The Functional Data Explorer (FDE) in JMP Pro is generally used when the output of a process is functional/curved data. However, with a few tricks, functional data can also be used as an input to a DOE. To illustrate this, I'll use a fictional case study, walking through the necessary steps along with an explanation of what's happening. I've also attached a JMP journal to this blog post, so readers can follow along.

Background: The ACME Plastic Recycling Company

ACME Plastic Recycling buys bulk shredded plastic, which they melt and form into billets to sell to plastic manufacturers. This shredded plastic comes in different size distributions, which affects the melting process. ACME has created an inexpensive and fast way to get a curve of the size distribution for each incoming shipment. It wants to optimize its melting process parameters to minimize the time needed for each specific shipment.

Step 1: Analyze curve data

The team created a data set that includes the range of what they generally see for incoming size distributions, which is shown in the graph below:

Using the FDE platform, the team found that a simple B Spline with 2 FPCs explains 98.6% of their data. Increasing the FPCs to 3 explains an additional 1%, but adds complexity and runs the risk of trying to predict the noise. They settled on 2 FPCs, as shown below.

2. Output functional principal components

The FDE platform has the ability to output the FPCs from any models that have been fit. This means that the curves, as represented by the FPCs, can be used in other platforms in JMP. Exporting FPCs can be done by selecting the red triangle near the Function Summaries outline, then selecting Customize. Using the "Deselect All" button, then selecting "OK and Save" creates a new data table with the FPCs for each group, as shown in the two images below.

One trick with the data table is needed for later: renaming the "Data FPC 1" and "Data FPC 2" columns to just "FPC 1" and FPC 2" will make linking profilers easier later in the process. Readers who are following along should ensure their data table has updated column names as reflected below.

3. Create and run custom DOE

The melting and billeting process has four factors, three of which are continuous, with the fourth being the distribution of the shredded plastic. The team started by using the Custom Designer to populate everything except the distribution of the shredded plastic, as shown below.

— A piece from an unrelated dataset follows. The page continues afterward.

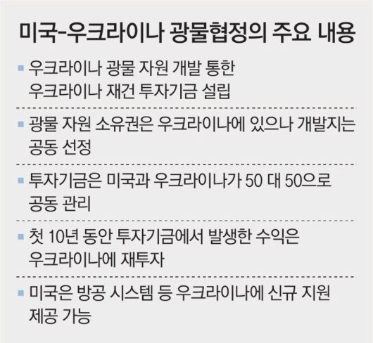 두 나라는 재건 기금을 5 대 5의 비율로 공동 관리하기로 했다. 미국의 기존 군사 지원에 대한 보상 방안, 전쟁 후 러시아가 점령 중인 우크라이나 남동부 자포리자 원자력발전소의 운영 및 소유권을 미국이 넘겨받는 방안 등은 협정에 포함되지 않은 것으로 알려졌다.

The next portion is key: using the FPCs as covariate factors in the Custom Designer forces JMP to use these specific distributions in the experiment. This is possible because each row contains a combination of FPCs, which represent, in this case, 98.6% of all the information in the curves themselves. To accomplish this in the Custom Designer, the team followed these steps:

1. After making sure the FPC Summary table is the top-most table in the Custom Designer, select Add Factor...Covariate.
2. In the box that pops up, select the two "Data FPC" columns and hit OK.
3. After clicking "Continue" and "RSM" to create the model, select the "Allow covariate rows to be repeated" checkbox. 
4. Click "Make Design" to create the experiment and data collection table.

Allowing the covariate rows to be repeated meant that the team needed to find and use raw material that matched the specified distribution. JMP made this easier by including the row number from the FPC data table in the experimental design table. For example, in the screenshot below, the first run used Row 11 from the summaries table, which was the distribution "k" from the original data set used in the FDE platform.

The team completed the experiment with the specified continuous factors (X1 through X3) and the specified plastic size distribution. They then used the model script generated by the Custom Designer, trimming non-significant terms one at a time until only significant terms remained in the model (the "Final Model" script in the journal, for those following along). This model is shown below:

4. Using FDE and Fit Model together

Rather than try to wrap their heads around the FPC 1 and FPC 2 factors in the Prediction Profiler, the team found a simpler method: linking the profilers from the model and the FDE. They did this be selecting the red triangle in the Prediction Profiler...Factor Settings...Link Profilers. Next, they arranged the windows side by side, so changing the FPCs in the Prediction Profiler also changed the curve shape in the FDE window.

Now, the workflow at ACME Plastics has the following steps:

• Each new batch has a size distribution performed at the beginning of the process. In the example below, the Target batch doesn't perfectly match any of the previous distributions. This is expected -- it's why the team wanted to use the FDE platform in the first place.

• This distribution is input as the Target in the FDE platform, which makes the Optimize Target button available. In this case, the incoming batch is described with FPCs of approximately -.359 and .032.

• With the Prediction Profiler from the DOE linked to the FDE platform's FPC Profiler, when the "Optimize Target" button is selected, the Prediction Profiler updates. Locking the two FPCs in the Prediction Profiler then allows the team to maximize desirability for the remaining three continuous factors. In this case, the optimum machine settings are X1 at the low end, X2 at the high end, and X3 set at -0.341.

The team at ACME Plastics has been getting great results with process, and they are now considering taking the excellent and free JSL Scripting course so they can combine the two windows and further streamline their process. For now, they are happy that they are able to use functional data as inputs to their process.